За время моего семилетнего отсутствия музей мало изменился. Новый (после смерти Виппера) замдиректора по науке И.А. Данилова была серьезным специалистом по итальянскому Возрождению и привлекала на наши лекции и конференции выдающихся ученых; блистали своими докладами Аверинцев, Михайлов, Гуревич, Гаспаров, Эткинд… Расширилась и выставочная деятельность, налаживались связи с зарубежными музеями. Но общесоюзный бардак распространялся и на нашу скромную деятельность.
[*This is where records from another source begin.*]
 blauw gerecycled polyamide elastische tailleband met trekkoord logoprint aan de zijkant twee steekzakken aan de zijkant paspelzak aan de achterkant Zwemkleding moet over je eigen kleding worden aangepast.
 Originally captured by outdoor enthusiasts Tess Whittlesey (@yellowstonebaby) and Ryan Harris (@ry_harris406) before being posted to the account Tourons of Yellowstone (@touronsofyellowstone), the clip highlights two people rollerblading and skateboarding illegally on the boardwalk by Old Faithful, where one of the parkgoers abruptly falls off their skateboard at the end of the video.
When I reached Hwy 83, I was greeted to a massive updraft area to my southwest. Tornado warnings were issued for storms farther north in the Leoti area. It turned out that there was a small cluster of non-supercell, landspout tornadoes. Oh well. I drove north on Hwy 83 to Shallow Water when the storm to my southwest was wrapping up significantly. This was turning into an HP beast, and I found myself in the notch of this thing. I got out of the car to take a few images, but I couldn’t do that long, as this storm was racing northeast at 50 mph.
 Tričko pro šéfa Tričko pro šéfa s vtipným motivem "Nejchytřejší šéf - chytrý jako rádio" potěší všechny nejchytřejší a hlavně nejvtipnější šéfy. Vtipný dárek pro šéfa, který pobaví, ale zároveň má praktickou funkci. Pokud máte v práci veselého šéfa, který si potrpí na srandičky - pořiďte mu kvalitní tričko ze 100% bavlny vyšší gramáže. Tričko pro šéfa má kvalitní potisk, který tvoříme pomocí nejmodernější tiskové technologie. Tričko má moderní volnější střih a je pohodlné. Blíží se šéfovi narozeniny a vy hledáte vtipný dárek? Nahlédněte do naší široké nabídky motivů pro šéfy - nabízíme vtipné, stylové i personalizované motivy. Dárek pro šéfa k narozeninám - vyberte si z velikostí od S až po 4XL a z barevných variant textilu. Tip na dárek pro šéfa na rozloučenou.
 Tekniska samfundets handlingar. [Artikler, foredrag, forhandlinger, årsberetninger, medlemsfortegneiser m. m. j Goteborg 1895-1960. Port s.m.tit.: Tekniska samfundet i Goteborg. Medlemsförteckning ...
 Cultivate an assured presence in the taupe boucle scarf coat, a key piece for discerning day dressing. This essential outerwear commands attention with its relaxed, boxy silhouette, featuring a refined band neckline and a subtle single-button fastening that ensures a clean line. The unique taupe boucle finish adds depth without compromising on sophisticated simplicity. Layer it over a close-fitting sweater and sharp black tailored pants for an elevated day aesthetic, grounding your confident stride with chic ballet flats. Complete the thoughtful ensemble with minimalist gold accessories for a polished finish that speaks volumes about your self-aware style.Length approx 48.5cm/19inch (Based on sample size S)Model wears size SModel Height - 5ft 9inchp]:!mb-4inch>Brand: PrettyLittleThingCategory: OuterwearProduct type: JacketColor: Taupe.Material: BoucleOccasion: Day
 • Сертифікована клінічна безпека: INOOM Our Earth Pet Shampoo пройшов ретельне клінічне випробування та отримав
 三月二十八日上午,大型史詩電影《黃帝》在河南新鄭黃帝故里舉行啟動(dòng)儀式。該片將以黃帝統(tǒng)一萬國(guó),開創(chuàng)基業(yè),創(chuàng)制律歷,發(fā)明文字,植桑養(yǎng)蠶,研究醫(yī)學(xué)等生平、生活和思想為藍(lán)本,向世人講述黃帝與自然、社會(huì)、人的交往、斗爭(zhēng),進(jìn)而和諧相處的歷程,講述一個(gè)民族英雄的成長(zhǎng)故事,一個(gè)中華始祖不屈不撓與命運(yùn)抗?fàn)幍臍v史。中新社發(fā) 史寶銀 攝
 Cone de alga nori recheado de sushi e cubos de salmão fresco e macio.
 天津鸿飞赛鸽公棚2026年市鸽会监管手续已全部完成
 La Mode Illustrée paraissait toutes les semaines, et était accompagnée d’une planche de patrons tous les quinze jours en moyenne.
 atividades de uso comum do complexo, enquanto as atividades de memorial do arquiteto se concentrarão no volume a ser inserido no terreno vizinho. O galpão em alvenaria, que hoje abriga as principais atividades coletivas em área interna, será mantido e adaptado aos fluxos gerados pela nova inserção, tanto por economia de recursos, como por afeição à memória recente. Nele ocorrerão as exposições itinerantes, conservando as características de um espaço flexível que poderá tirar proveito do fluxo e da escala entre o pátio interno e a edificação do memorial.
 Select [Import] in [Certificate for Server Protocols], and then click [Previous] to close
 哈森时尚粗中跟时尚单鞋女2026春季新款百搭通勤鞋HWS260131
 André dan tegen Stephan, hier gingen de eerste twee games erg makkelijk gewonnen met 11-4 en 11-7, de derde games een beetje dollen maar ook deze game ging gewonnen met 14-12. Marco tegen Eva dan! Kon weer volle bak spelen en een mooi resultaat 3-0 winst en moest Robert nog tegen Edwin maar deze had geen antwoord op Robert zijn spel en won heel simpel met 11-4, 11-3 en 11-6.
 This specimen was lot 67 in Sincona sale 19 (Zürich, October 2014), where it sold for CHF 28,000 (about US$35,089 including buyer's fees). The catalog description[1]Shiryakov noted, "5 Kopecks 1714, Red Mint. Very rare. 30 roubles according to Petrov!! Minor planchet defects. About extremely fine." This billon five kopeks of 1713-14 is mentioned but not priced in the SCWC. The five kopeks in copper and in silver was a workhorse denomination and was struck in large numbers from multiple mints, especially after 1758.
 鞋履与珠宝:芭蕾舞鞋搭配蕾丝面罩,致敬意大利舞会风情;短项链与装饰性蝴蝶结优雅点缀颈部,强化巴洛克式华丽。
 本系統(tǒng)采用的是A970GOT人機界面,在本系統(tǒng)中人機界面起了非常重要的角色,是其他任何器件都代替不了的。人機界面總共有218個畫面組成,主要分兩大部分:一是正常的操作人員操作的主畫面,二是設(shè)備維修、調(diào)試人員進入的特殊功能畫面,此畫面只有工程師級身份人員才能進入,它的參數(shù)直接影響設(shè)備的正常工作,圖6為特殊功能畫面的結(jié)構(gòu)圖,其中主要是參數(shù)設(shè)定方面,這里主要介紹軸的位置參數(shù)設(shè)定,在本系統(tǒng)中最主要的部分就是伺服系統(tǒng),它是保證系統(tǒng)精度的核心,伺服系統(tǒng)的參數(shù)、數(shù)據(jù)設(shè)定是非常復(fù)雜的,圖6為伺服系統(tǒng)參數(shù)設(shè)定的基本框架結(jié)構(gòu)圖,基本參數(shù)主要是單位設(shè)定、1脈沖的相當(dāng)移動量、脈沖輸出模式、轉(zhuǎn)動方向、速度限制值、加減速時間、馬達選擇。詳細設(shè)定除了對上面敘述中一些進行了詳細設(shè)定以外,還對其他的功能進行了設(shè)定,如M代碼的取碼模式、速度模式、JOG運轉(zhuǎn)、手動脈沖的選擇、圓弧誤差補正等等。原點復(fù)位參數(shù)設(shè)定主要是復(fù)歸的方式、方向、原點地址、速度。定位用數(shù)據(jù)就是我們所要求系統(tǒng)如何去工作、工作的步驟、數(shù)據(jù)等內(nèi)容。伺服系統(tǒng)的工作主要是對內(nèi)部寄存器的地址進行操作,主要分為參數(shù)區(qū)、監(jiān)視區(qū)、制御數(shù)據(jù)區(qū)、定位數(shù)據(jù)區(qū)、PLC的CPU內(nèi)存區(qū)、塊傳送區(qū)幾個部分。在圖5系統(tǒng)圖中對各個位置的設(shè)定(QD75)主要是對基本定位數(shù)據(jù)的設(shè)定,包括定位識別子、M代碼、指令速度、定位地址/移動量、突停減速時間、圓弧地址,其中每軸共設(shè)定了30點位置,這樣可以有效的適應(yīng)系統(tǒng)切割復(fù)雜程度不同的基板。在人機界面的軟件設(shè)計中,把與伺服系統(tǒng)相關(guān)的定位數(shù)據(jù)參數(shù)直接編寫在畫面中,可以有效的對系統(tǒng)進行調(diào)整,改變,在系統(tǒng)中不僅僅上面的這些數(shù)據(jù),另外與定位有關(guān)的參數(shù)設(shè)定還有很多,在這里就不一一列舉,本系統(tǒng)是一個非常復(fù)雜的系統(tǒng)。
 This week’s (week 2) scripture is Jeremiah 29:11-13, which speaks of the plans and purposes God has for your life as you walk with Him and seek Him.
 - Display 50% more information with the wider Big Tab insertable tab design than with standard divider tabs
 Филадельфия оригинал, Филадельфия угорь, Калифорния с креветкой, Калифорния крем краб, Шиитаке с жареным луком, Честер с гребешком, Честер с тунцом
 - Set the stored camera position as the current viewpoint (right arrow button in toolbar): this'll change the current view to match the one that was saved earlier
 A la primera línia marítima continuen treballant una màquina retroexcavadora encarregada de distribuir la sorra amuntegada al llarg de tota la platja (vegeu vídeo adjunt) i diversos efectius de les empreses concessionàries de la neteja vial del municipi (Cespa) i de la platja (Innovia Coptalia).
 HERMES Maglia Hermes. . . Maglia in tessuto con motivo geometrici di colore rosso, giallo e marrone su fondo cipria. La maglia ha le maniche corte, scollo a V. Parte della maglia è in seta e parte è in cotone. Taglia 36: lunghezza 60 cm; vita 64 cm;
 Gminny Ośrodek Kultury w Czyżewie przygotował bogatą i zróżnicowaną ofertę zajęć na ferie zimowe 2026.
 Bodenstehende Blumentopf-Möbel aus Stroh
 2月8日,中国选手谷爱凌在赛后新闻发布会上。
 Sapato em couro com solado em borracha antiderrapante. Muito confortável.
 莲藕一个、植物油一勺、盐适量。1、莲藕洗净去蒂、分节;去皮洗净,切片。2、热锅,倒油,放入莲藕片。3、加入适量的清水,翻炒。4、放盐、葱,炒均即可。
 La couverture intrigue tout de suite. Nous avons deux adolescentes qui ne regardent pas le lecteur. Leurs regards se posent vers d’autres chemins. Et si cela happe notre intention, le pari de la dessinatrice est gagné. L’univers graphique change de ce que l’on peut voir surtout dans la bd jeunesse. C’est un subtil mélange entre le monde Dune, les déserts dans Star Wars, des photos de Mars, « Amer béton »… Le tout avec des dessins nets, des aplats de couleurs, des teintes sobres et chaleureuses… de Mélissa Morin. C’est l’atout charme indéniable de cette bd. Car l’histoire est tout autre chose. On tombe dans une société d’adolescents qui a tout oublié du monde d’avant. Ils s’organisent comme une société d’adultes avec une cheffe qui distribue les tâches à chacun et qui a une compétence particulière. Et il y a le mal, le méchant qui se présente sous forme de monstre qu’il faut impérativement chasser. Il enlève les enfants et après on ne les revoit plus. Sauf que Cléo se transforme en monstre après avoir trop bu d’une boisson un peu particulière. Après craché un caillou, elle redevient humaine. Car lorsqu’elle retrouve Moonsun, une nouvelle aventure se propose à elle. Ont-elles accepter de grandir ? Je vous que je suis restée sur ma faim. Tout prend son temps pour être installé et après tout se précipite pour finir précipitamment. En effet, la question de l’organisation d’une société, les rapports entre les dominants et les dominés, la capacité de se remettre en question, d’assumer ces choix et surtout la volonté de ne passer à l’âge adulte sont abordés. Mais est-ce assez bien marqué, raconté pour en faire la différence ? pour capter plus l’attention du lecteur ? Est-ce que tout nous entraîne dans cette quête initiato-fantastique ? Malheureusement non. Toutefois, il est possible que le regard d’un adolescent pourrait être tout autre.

В 70-м году в музее проходила огромная выставка работ Ван Гога из голландских собраний, первая по межгосударственному соглашению — между СССР и Голландией. Я должен был принять работы по их прибытии на аэродром. Собственно, моя функция заключалась лишь в том, чтобы подписать бумаги приемки и сопроводить груз в музей. Все стальное — погрузка, доставка, разгрузка, — как и всегда в таких случаях, осуществлялось Дирекцией выставок и панорам Министерства культуры СССР.
Утром в музей приехал культурный атташе голландского посольства г-н Ханнема — человек высокой культуры и большого обаяния. Мы на его машине отправились в “Шереметьево”, ведя по пути высокоинтеллектуальные разговоры об искусстве, о Босхе (в Амстердаме тогда проходила его выставка). Ровно в три часа по расписанию приземлился специальный лайнер с работами Ван Гога. Подъехала милицейская машина с мигалками, которая должна была сопровождать груз. Прошел час, другой, а машина с работниками Дирекции не появилась. Подъехал автобус с пассажирами на обратный рейс, пилот занервничал и заявил, что сейчас же отправляется вместе с грузом обратно в Амстердам. Я мотался по аэродрому в поисках рабочих и машины, наконец, договорился с какой-то разболтанной полуторкой и подогнал ее к самолету. Был март, слякоть, и мы с директором голландского музея господином Кроллер-Мюллером, сопровождавшим выставку, стаскивали ящики с картинами в подтаявший снег, в лужи, а потом грузили их на грузовик, чтобы отвезти на шереметьевский склад. Наконец, появился представитель Дирекции и с ним один пьяный рабочий. Машины при них не было. Я названивал Антоновой, Антонова названивала в Министерство, начали подъезжать посольские лимузины и министерские “Волги”. Не представляю, чем бы все это кончилось, если бы тут не подвернулся управляющий (или директор) амстердамской авиалинии — тертый голландец, указавший на стоящий в стороне пустой почтовый фургон. “Куда ехать-то?”, — спросил шофер. “Следуйте за милицейской машиной”. У парня отвисла челюсть. А дальше картина, достойная кисти самого Ван Гога.
Впереди на красный свет движется милицейская машина, сзади — кавалькада посольских машин, в середине — шофер, не понимающий, куда его везут, а внутри фургона — я, упираясь спиной о стенку, придерживаю ногами ящики с картинами, чтобы их не растрясло.